### [Directions for this task]
Would you repeat word for word the lines of the listing that follows, from the one with "カッターやはんだごて、スプレ" up to and including the one with "Nielsen is known", and leave out the images?
Segment Start: Supplied material
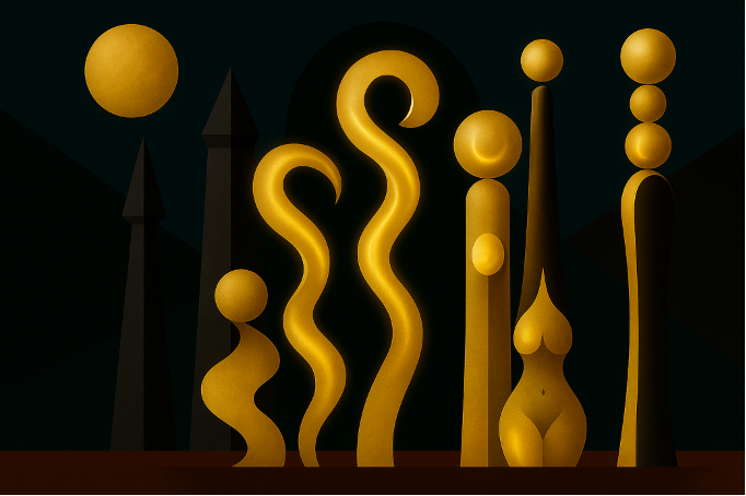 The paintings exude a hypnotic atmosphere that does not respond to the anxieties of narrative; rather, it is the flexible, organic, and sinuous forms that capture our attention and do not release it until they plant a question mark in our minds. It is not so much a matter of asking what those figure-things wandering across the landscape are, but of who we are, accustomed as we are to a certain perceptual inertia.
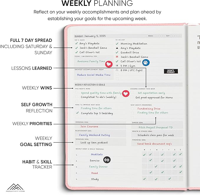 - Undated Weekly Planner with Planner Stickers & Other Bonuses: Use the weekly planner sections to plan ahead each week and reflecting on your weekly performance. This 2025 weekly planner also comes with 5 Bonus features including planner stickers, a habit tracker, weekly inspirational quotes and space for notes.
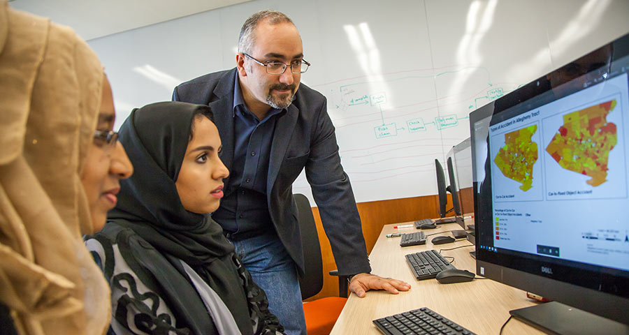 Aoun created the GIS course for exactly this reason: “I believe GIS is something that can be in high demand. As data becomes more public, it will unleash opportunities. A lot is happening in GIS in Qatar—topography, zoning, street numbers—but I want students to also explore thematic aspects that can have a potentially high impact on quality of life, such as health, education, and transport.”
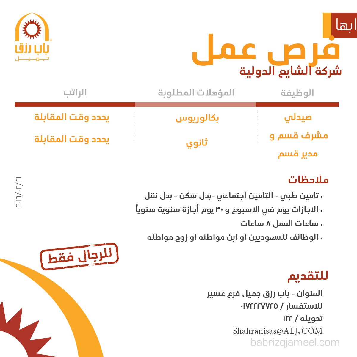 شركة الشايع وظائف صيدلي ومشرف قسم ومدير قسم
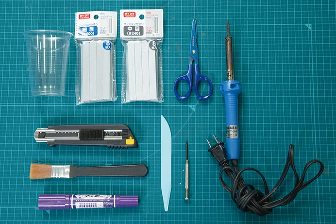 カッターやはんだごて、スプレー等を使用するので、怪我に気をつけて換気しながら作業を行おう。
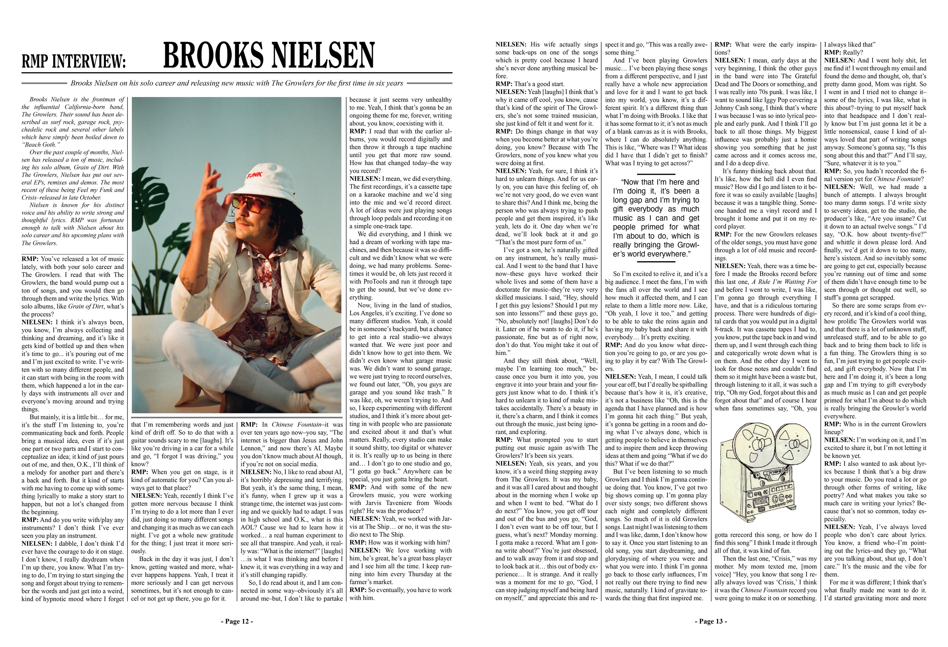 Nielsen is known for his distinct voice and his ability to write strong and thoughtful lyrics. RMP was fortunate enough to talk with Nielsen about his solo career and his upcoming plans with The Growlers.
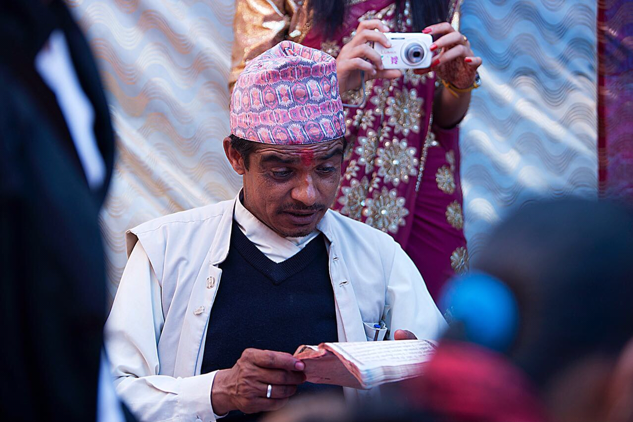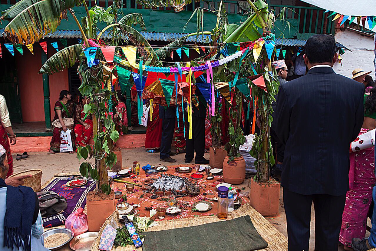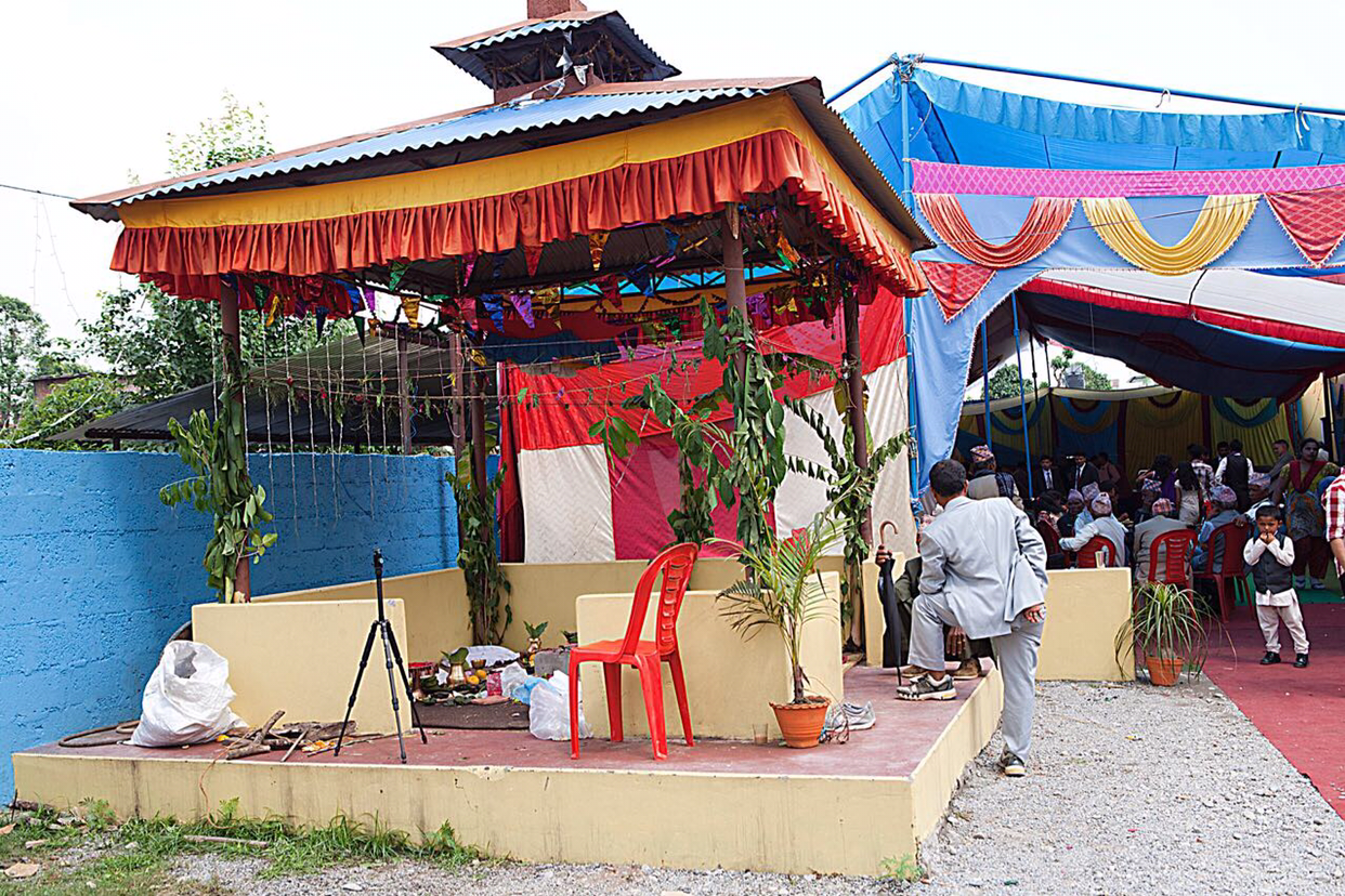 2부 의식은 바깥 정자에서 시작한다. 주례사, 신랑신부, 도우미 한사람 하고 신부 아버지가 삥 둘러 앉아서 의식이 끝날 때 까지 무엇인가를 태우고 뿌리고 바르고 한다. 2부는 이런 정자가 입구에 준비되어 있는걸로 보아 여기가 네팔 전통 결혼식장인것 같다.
Segment End: Supplied material
Segment Start: Supplied material
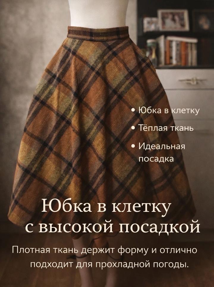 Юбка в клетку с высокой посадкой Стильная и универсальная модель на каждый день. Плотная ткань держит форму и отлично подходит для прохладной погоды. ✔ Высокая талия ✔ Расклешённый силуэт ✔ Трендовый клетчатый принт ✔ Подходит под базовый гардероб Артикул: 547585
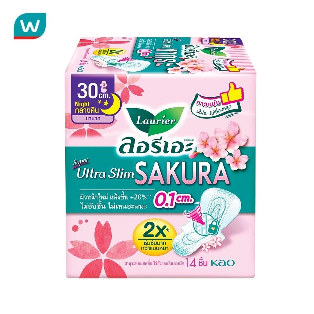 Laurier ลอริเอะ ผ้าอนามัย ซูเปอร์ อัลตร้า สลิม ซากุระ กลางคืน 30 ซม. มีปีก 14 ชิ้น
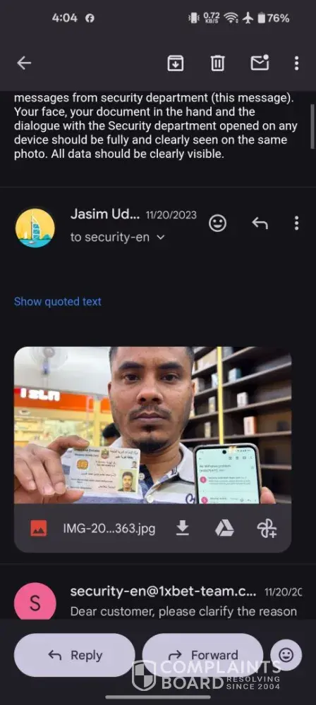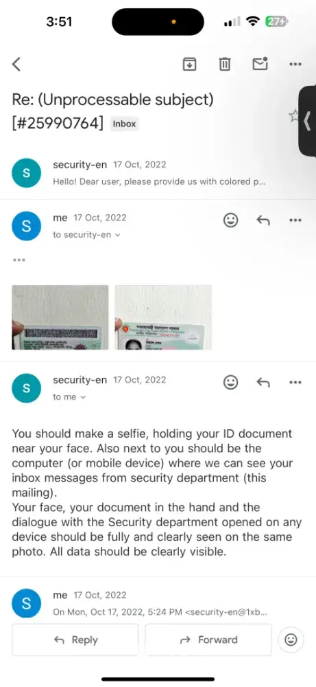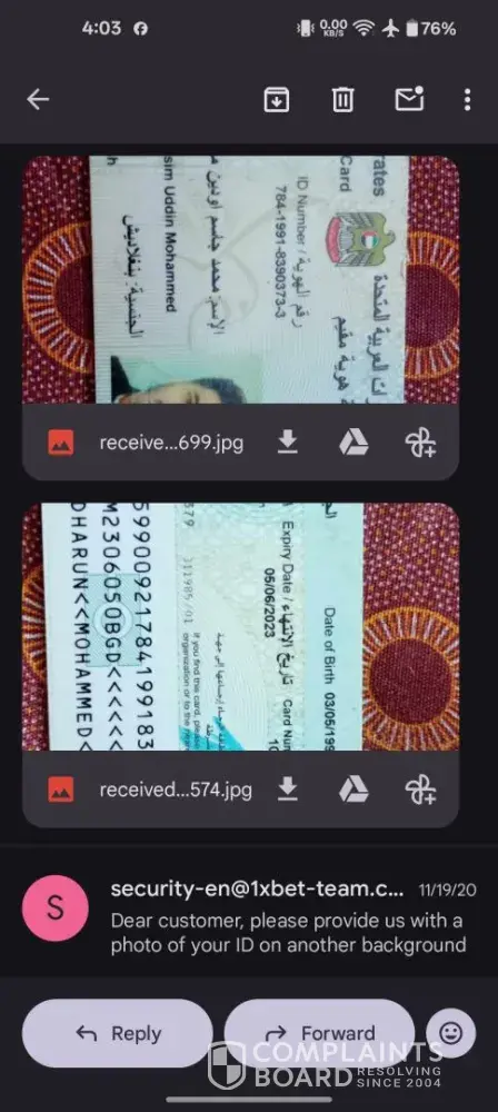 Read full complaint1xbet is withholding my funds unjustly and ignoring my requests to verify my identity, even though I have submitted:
Segment End: Supplied material
### [Answer box]
 カッターやはんだごて、スプレー等を使用するので、怪我に気をつけて換気しながら作業を行おう。
 Nielsen is known for his distinct voice and his ability to write strong and thoughtful lyrics. RMP was fortunate enough to talk with Nielsen about his solo career and his upcoming plans with The Growlers.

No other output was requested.